- [Your task]: Return all the lines below exactly. Any picture among them is omitted.

- [Given data]:
/---
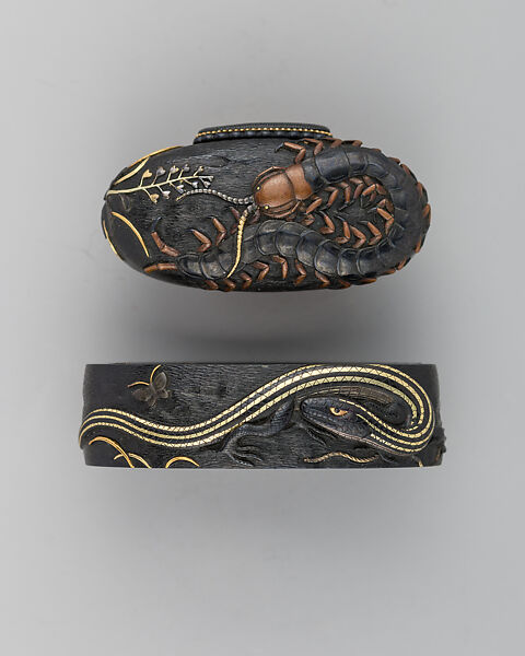 - Medium: Copper-gold alloy (shakudō), gold, copper-silver alloy (shibuichi)
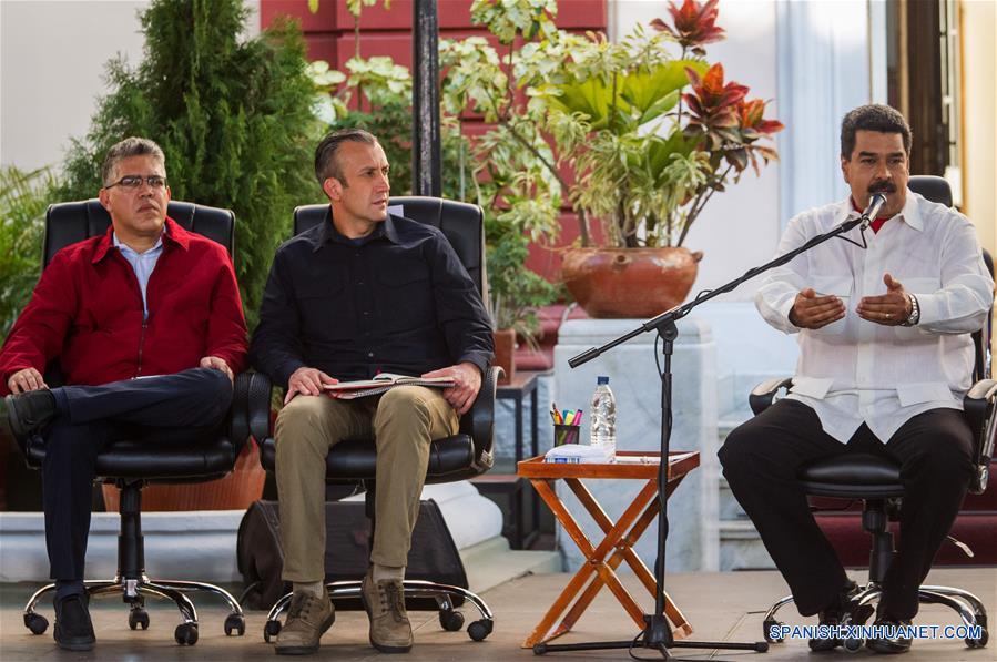 CARACAS, febrero 2, 2017 (Xinhua) --El presidente de Venezuela, Nicolás Maduro (d), acompa?ado por el vicepresidente venezolano, Tareck El Aissami (c), y el ministro de Educación, Elías Jaua (i), participan en un acto en conmemoración de los 18 a?os de la llegada de Hugo Chávez a la presidencia, en Caracas, Venezuela, el 2 de febrero de 2017. De acuerdo con información de la prensa local, durante el evento Maduro destacó los esfuerzos de Chávez para construir una democracia con la participación protagónica del pueblo. (Xinhua/Boris Vergara)
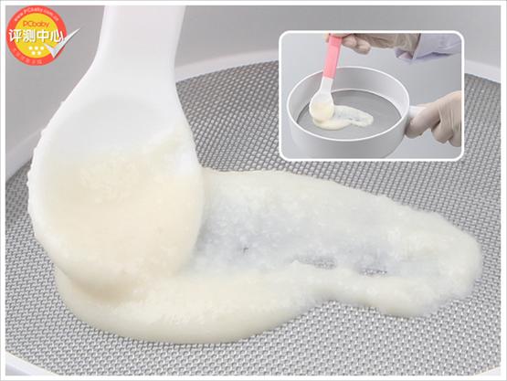 1、用輔食勺舀起沖調(diào)好的米粉,緩緩向下傾倒,觀察其粘稠度。
\---
- [Response area]:
 - Medium: Copper-gold alloy (shakudō), gold, copper-silver alloy (shibuichi)
 CARACAS, febrero 2, 2017 (Xinhua) --El presidente de Venezuela, Nicolás Maduro (d), acompa?ado por el vicepresidente venezolano, Tareck El Aissami (c), y el ministro de Educación, Elías Jaua (i), participan en un acto en conmemoración de los 18 a?os de la llegada de Hugo Chávez a la presidencia, en Caracas, Venezuela, el 2 de febrero de 2017. De acuerdo con información de la prensa local, durante el evento Maduro destacó los esfuerzos de Chávez para construir una democracia con la participación protagónica del pueblo. (Xinhua/Boris Vergara)
 1、用輔食勺舀起沖調(diào)好的米粉,緩緩向下傾倒,觀察其粘稠度。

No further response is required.